I’ve especially enjoyed reading about not only the healthy impact of plants on our world but about the healthy uses for plants, perennials, and herbs for cooking, making teas and herbal and wildflower products. As a quick garden reminder, perennial plants will come back and regrow year after year while annuals die off after temperatures get too cold and generally require you to plant new ones the following year. Trees are perennial plants, although I’m learning that some trees, like people, have longer lifespans than others. The same is true with many perennial flowers and sometimes a harsh, cold winter can harm even hardy perennials, shrubs, and flowering plants. Gardening is never one-hundred percent predictable, just like life.

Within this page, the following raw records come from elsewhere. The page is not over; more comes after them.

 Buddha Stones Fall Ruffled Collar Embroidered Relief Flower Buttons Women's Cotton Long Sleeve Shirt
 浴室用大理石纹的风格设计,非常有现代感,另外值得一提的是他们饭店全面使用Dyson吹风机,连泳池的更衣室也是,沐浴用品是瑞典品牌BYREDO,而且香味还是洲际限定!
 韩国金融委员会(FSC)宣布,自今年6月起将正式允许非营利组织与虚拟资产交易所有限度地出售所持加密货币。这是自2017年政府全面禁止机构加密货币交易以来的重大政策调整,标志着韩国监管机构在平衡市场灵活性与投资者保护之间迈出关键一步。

If you have space in your yard or garden, pollinators are a lovely option to consider. Native plants in pollinator gardens attract bees, birds, butterflies or other pollinators that carry the pollen between flowers causing fertilization, good fruits and viable seeds. This creates a healthier and more robust ecosystem. Unfortunately, worldwide there is evidence that pollinating bees, and animals have suffered from pesticides, invasive species, and environmental pollution so working to plant pollinators will help combat these losses. Some good pollinators to consider are: asters, black-eyed Susans, blanket flowers or gaillardias, ironweeds or vernonia, goldenrod, bee balm, orange milkweed, lavender, joe pye weed, red columbine, coreopsis or tickseed, coneflowers, wild purple geranium, pink swamp roses, sunflowers and many more. These native plants can also be used in making herbal products, oils, lotions, potpourri, wreaths, and soaps. Many are also edible, too, and good for baked goods. If you have a large space in your yard or on your property, you can create a pollinator garden of plants in big patches or clumps, planning a diversity of types so some bloom in spring, others in summer or fall. Many pollinators are herbaceous perennials and once established will return again and again. But please don’t use pesticides or chemicals on these plants.

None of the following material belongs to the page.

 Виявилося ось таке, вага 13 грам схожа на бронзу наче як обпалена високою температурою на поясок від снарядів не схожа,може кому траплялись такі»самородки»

Herbs are especially easy to grow both inside and outdoors in the right location and climate. Actually, herbs are some of the easiest plants for beginners to grow. They can be grown in the garden in rows, in raised garden containers or in the house in a spot with plenty of sunshine. I enjoyed learning that herbs don’t mind being communal and that different herbs will grow happily in the same container, three to a 14-inch-wide container or five to an 18-inch container. I also liked the idea of planting a row of different herbs in a long window box containers. Once established, you can just pinch off leaves as needed for cooking or for making soaps or herbal products.

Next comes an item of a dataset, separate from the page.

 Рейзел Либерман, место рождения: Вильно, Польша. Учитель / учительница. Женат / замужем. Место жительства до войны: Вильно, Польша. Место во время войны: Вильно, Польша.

Some common and easy herbs to grow are:
CHAMOMILE – bushy with a daisy-like flower. Used to make tea but flowers are edible, too, with a slightly sweet flavor. Pollinators like these. Like full sun.
GREEK OREGANO – green leaves have a nice flavor and aroma for pasta dishes, pizzas, salads,. Makes a ground cover like a mat but can be grown well in a container. Best to harvest right as it begins to flower. Can dry and keep.
ROSEMARY – pretty upright shaped evergreen plant; easy to grow. Fills the air with fragrance even as you brush your hand over it. Excellent flavor when fresh but can dry, too. A few stems will fill a room with fragrance.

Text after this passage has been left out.